Given records:
┄┄┄┄┄┄┄┄┄┄

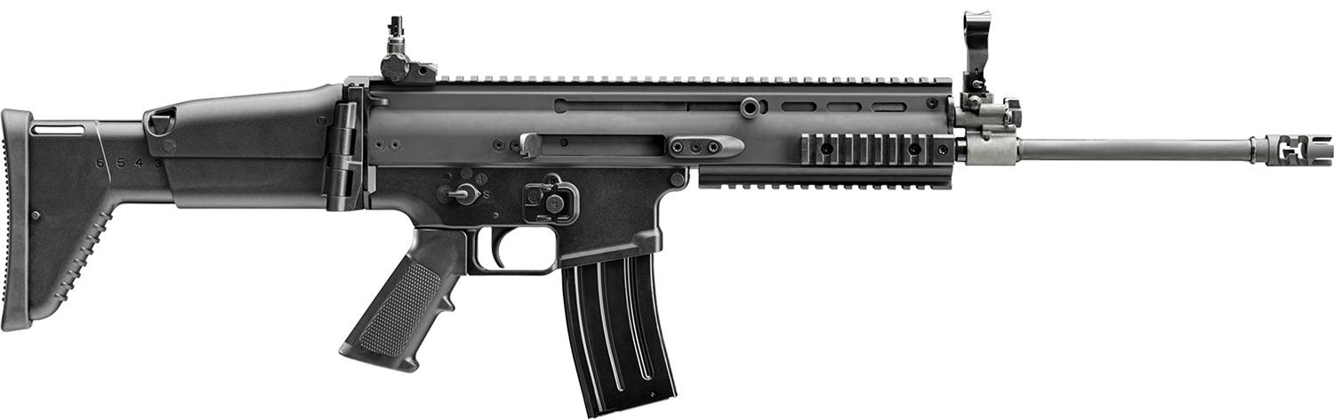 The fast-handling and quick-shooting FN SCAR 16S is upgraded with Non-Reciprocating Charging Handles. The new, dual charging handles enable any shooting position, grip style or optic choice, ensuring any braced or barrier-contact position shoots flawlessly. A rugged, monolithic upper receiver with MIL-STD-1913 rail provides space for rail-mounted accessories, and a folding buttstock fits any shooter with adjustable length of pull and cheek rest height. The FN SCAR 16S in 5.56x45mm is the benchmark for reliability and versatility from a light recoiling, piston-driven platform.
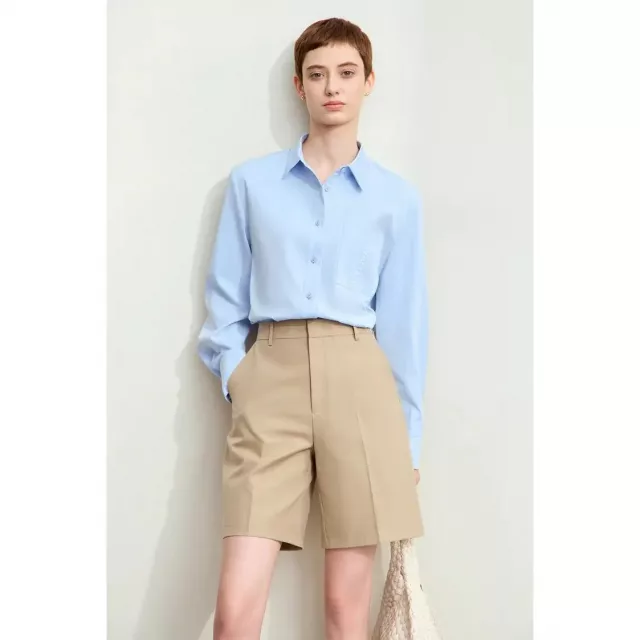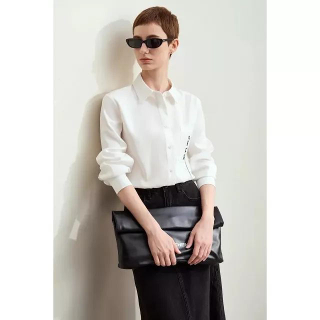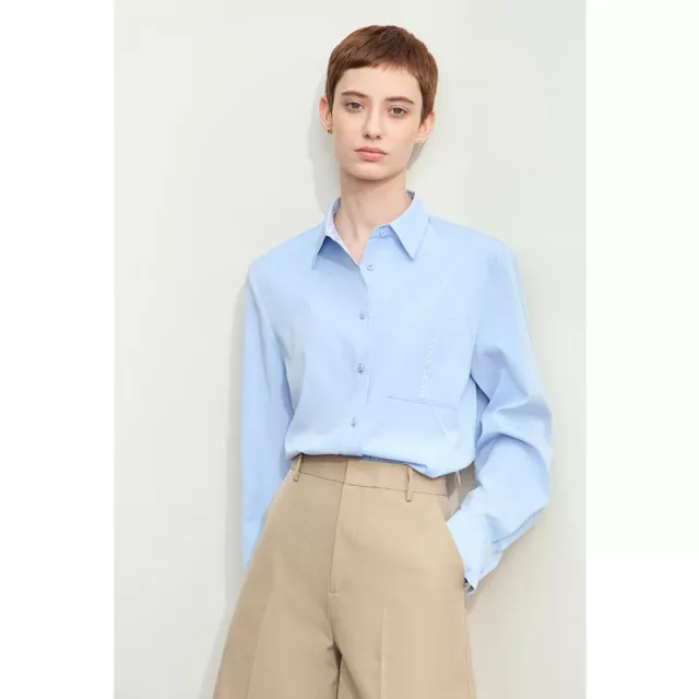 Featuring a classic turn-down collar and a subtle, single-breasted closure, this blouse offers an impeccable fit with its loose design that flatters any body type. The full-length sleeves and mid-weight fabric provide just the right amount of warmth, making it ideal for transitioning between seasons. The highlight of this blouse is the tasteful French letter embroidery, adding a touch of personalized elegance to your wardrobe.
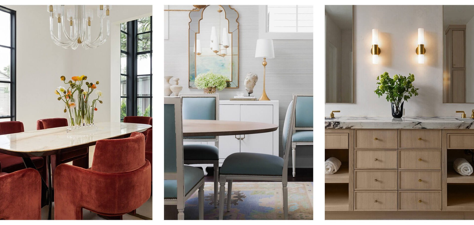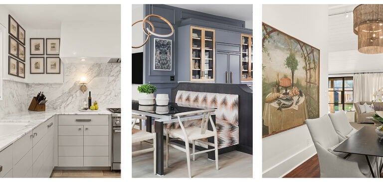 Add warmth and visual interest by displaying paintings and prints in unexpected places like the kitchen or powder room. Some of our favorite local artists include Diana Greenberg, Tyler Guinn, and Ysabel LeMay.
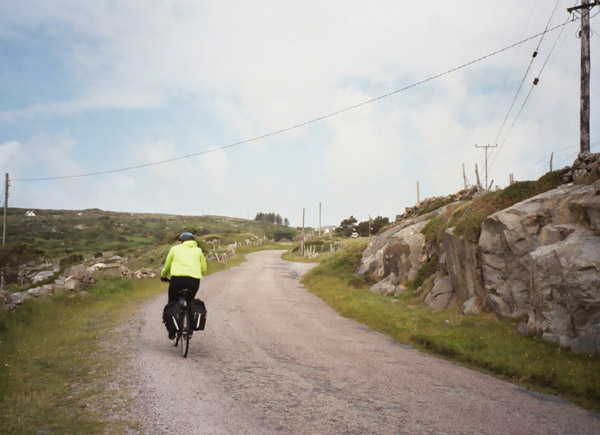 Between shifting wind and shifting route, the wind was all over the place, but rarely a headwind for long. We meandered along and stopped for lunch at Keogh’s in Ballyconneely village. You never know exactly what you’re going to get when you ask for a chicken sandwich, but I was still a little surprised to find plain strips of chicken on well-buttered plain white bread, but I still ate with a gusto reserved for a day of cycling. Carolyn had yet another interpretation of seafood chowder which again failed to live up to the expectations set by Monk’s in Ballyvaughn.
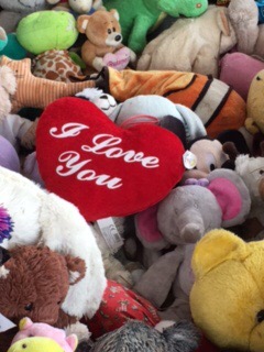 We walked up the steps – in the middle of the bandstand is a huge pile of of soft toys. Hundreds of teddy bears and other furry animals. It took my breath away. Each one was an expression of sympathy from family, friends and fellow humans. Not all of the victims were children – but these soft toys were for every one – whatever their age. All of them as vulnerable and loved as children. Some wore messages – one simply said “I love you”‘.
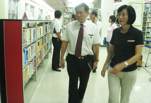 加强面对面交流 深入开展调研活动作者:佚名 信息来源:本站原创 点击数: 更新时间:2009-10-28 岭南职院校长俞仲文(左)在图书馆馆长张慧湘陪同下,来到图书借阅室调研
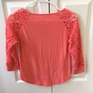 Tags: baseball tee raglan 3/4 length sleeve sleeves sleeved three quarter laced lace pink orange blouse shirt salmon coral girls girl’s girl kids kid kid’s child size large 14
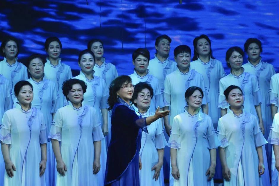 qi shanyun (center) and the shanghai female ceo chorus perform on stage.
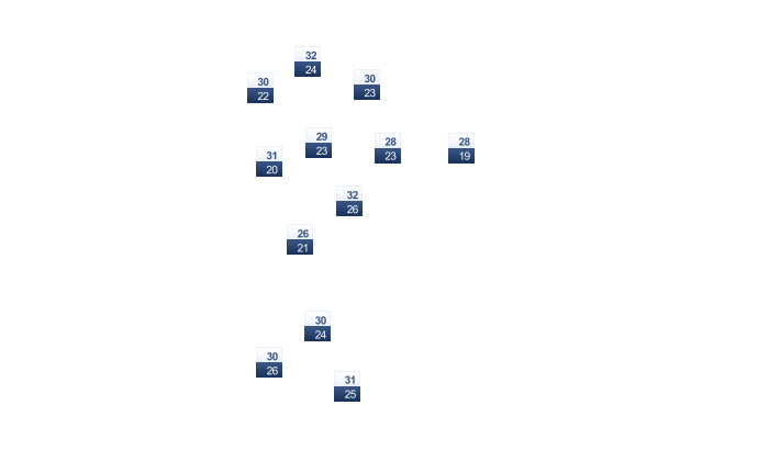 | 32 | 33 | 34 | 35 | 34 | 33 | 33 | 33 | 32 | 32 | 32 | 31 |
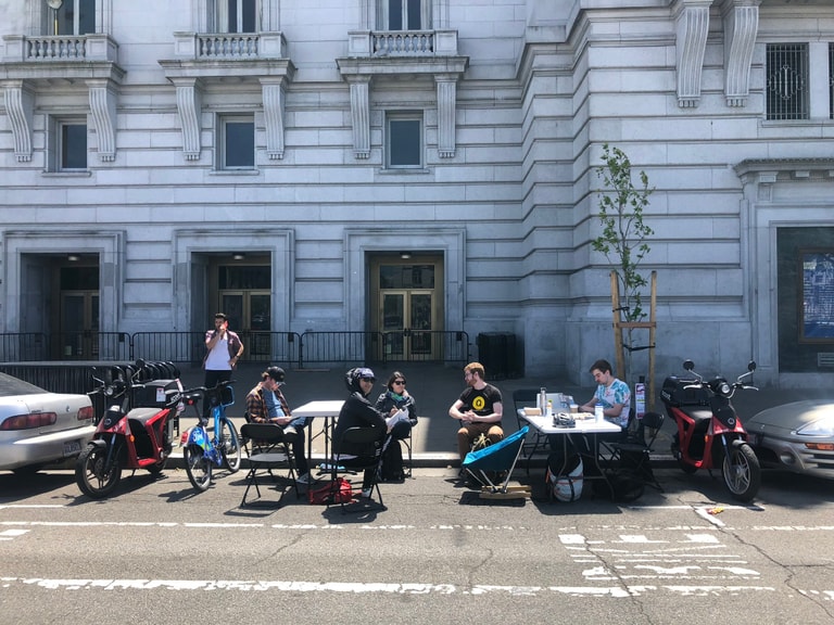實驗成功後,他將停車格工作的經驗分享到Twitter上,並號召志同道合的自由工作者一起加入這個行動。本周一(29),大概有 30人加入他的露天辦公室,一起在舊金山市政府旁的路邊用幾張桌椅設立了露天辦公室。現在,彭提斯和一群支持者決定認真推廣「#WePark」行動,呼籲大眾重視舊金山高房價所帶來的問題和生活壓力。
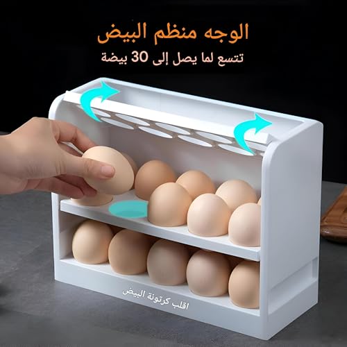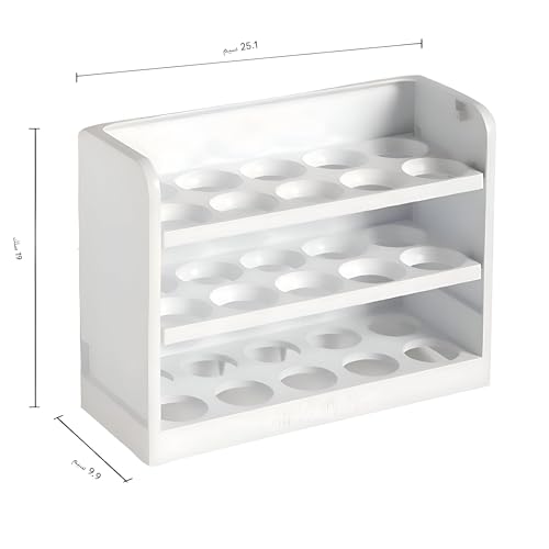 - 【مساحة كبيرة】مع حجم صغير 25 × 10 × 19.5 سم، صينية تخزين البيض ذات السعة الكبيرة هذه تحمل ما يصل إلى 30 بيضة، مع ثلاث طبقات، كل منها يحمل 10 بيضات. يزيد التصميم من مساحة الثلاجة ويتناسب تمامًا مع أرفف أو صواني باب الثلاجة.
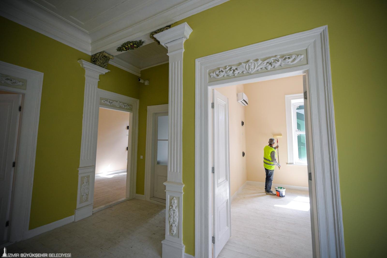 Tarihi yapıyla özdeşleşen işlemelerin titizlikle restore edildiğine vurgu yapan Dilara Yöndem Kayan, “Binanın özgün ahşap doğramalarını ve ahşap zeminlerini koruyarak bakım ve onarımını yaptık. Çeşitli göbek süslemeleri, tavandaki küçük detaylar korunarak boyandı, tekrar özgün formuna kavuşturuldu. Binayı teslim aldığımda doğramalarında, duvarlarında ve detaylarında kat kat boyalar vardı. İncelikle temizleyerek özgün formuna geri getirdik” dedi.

┄┄┄┄┄┄┄┄┄┄

What you will do:
Except for the pictures, set down all of the records exactly as they are.

Task response:
 The fast-handling and quick-shooting FN SCAR 16S is upgraded with Non-Reciprocating Charging Handles. The new, dual charging handles enable any shooting position, grip style or optic choice, ensuring any braced or barrier-contact position shoots flawlessly. A rugged, monolithic upper receiver with MIL-STD-1913 rail provides space for rail-mounted accessories, and a folding buttstock fits any shooter with adjustable length of pull and cheek rest height. The FN SCAR 16S in 5.56x45mm is the benchmark for reliability and versatility from a light recoiling, piston-driven platform.
 Featuring a classic turn-down collar and a subtle, single-breasted closure, this blouse offers an impeccable fit with its loose design that flatters any body type. The full-length sleeves and mid-weight fabric provide just the right amount of warmth, making it ideal for transitioning between seasons. The highlight of this blouse is the tasteful French letter embroidery, adding a touch of personalized elegance to your wardrobe.
 Add warmth and visual interest by displaying paintings and prints in unexpected places like the kitchen or powder room. Some of our favorite local artists include Diana Greenberg, Tyler Guinn, and Ysabel LeMay.
 Between shifting wind and shifting route, the wind was all over the place, but rarely a headwind for long. We meandered along and stopped for lunch at Keogh’s in Ballyconneely village. You never know exactly what you’re going to get when you ask for a chicken sandwich, but I was still a little surprised to find plain strips of chicken on well-buttered plain white bread, but I still ate with a gusto reserved for a day of cycling. Carolyn had yet another interpretation of seafood chowder which again failed to live up to the expectations set by Monk’s in Ballyvaughn.
 We walked up the steps – in the middle of the bandstand is a huge pile of of soft toys. Hundreds of teddy bears and other furry animals. It took my breath away. Each one was an expression of sympathy from family, friends and fellow humans. Not all of the victims were children – but these soft toys were for every one – whatever their age. All of them as vulnerable and loved as children. Some wore messages – one simply said “I love you”‘.
 加强面对面交流 深入开展调研活动作者:佚名 信息来源:本站原创 点击数: 更新时间:2009-10-28 岭南职院校长俞仲文(左)在图书馆馆长张慧湘陪同下,来到图书借阅室调研
 Tags: baseball tee raglan 3/4 length sleeve sleeves sleeved three quarter laced lace pink orange blouse shirt salmon coral girls girl’s girl kids kid kid’s child size large 14
 qi shanyun (center) and the shanghai female ceo chorus perform on stage.
 | 32 | 33 | 34 | 35 | 34 | 33 | 33 | 33 | 32 | 32 | 32 | 31 |
實驗成功後,他將停車格工作的經驗分享到Twitter上,並號召志同道合的自由工作者一起加入這個行動。本周一(29),大概有 30人加入他的露天辦公室,一起在舊金山市政府旁的路邊用幾張桌椅設立了露天辦公室。現在,彭提斯和一群支持者決定認真推廣「#WePark」行動,呼籲大眾重視舊金山高房價所帶來的問題和生活壓力。
 - 【مساحة كبيرة】مع حجم صغير 25 × 10 × 19.5 سم، صينية تخزين البيض ذات السعة الكبيرة هذه تحمل ما يصل إلى 30 بيضة، مع ثلاث طبقات، كل منها يحمل 10 بيضات. يزيد التصميم من مساحة الثلاجة ويتناسب تمامًا مع أرفف أو صواني باب الثلاجة.
 Tarihi yapıyla özdeşleşen işlemelerin titizlikle restore edildiğine vurgu yapan Dilara Yöndem Kayan, “Binanın özgün ahşap doğramalarını ve ahşap zeminlerini koruyarak bakım ve onarımını yaptık. Çeşitli göbek süslemeleri, tavandaki küçük detaylar korunarak boyandı, tekrar özgün formuna kavuşturuldu. Binayı teslim aldığımda doğramalarında, duvarlarında ve detaylarında kat kat boyalar vardı. İncelikle temizleyerek özgün formuna geri getirdik” dedi.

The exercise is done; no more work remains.